Se la habían aprendido, palabra por palabra, a partir de sólo un fragmento a guitarra y voz subido a TikTok unos días antes.

En ese momento, en el rostro de Giovio se pudo leer que finalmente estaba viviendo el sueño que al norte del río Bravo se le había frustrado.

Nochecita de un viernes de diluvio en un local de barrio Reus, al que se accedía por una escalera… y luego otra escalera más. Antes de la hora marcada, una cuadra de fila esperaba paciente para entrar en este antro pequeño, para dejarlo rebosante hasta el fondo; tanto que ella repitió varias veces que si alguien se sentía sofocado, avisara.

Era la listening party tanto del videoclip como de la versión completa de su nuevo sencillo, ese “American Dream” que se inspira en su pasaje por la ciudad que nunca duerme: se fue a estudiar comedia musical con 17 años, se desilusionó, le pasaron cosas que no querrá contar por las chicas menores presentes (el público era mayoritariamente femenino y de veinteañero a preadolescente, aunque, entre las que corearon los temas a los gritos, había alguna que otra entrada en la adultez).

Foto: @federicamph

Foto: @federicamph

Gente reunida para mirar un video en YouTube y ver a esta cantante pop hacer unos pocos temas en formato reducido. Gente —¡fans!— que se tomó el trabajo de aprenderse un TikTok de memoria.

“Impresionante”, me dirá Giovio días más tarde por teléfono.
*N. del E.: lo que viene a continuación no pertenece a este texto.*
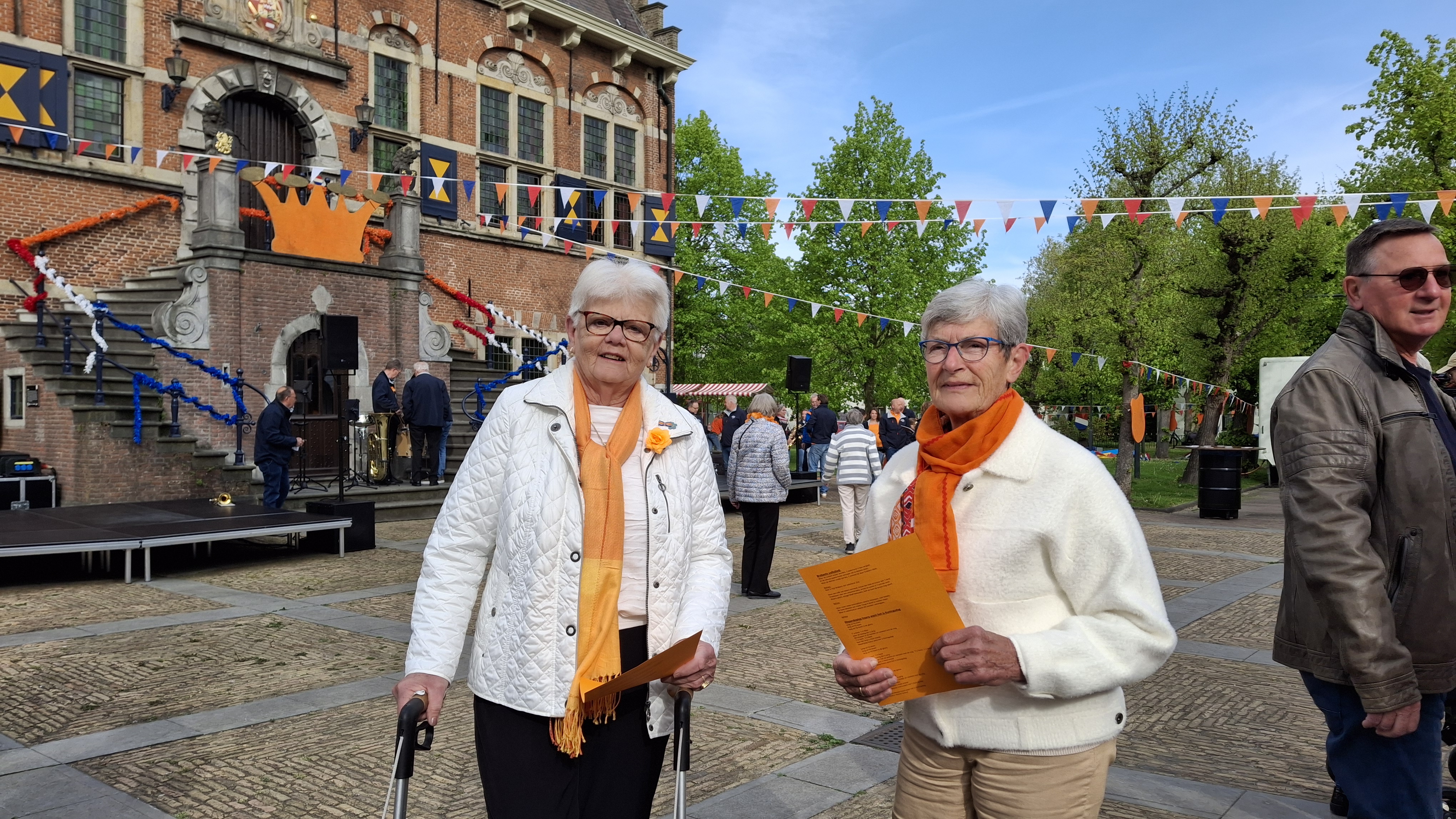 Nienke en Jopie zijn een van de eerste die klaar staan op het plein voor het stadhuis. “We hebben de liedjes al gekregen”, zeggen ze met een oranje A4-tje in de hand. Daar staat naast het Wilhelmus ook de andere liederen op. “Natuurlijk het Klepperlied, dat hoort er ieder jaar bij. Het Brabants volkslied niet te vergeten”, laten ze zien.
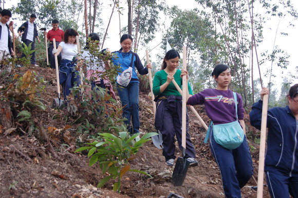 以共青团员为代表的少年宫植树者,在陡峭的山坡上,两人一组,挖坑、扶苗、铲土、填埋、压土、浇水……程序到位,动作娴熟。2个多小时过去了,100株幼苗在同志们的努力下被栽种得整整齐齐,空旷的山岭又多了一份绿色、添了一份生机,全体团员也因此增强了“植绿、护绿、兴绿、爱绿”全民有责的意识。
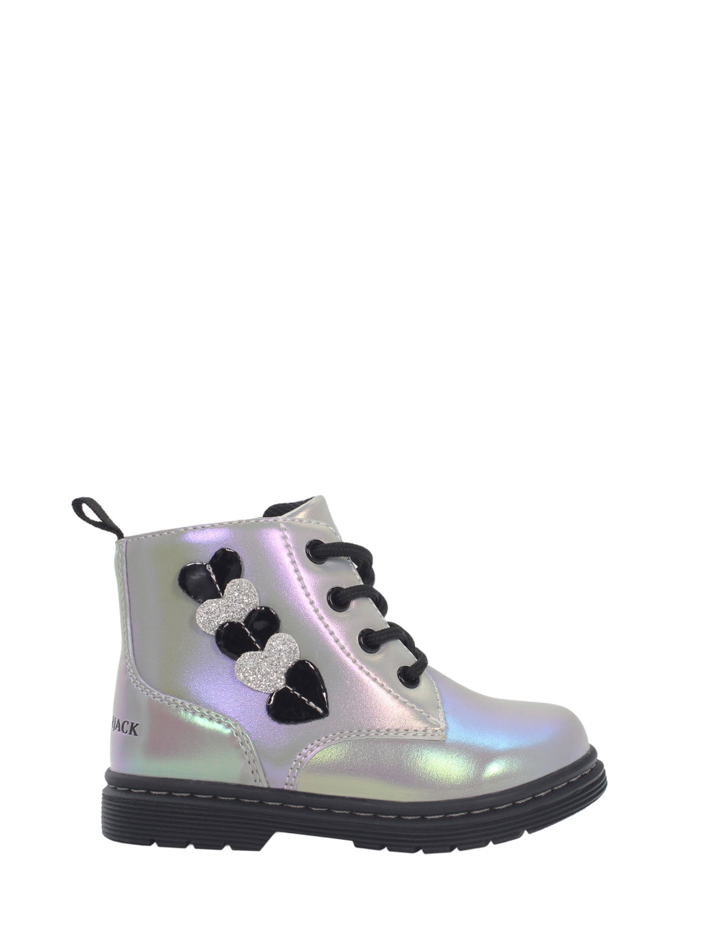Descrizione: anfibio in ecopelle laminata decorato con cuori laterali.

Además estaba aliviada, porque con la lluvia había temido que no fuera nadie. Y confirmará: estaba, sí, en shock. Como telonera, en su corta carrera ha tocado para públicos mucho más masivos, aunque siempre de visitante. Acá estaba de local. No eran tantos, pero estaban ahí por y para ella.

Por más que fuera a escala reducida, se sentía como un mojón.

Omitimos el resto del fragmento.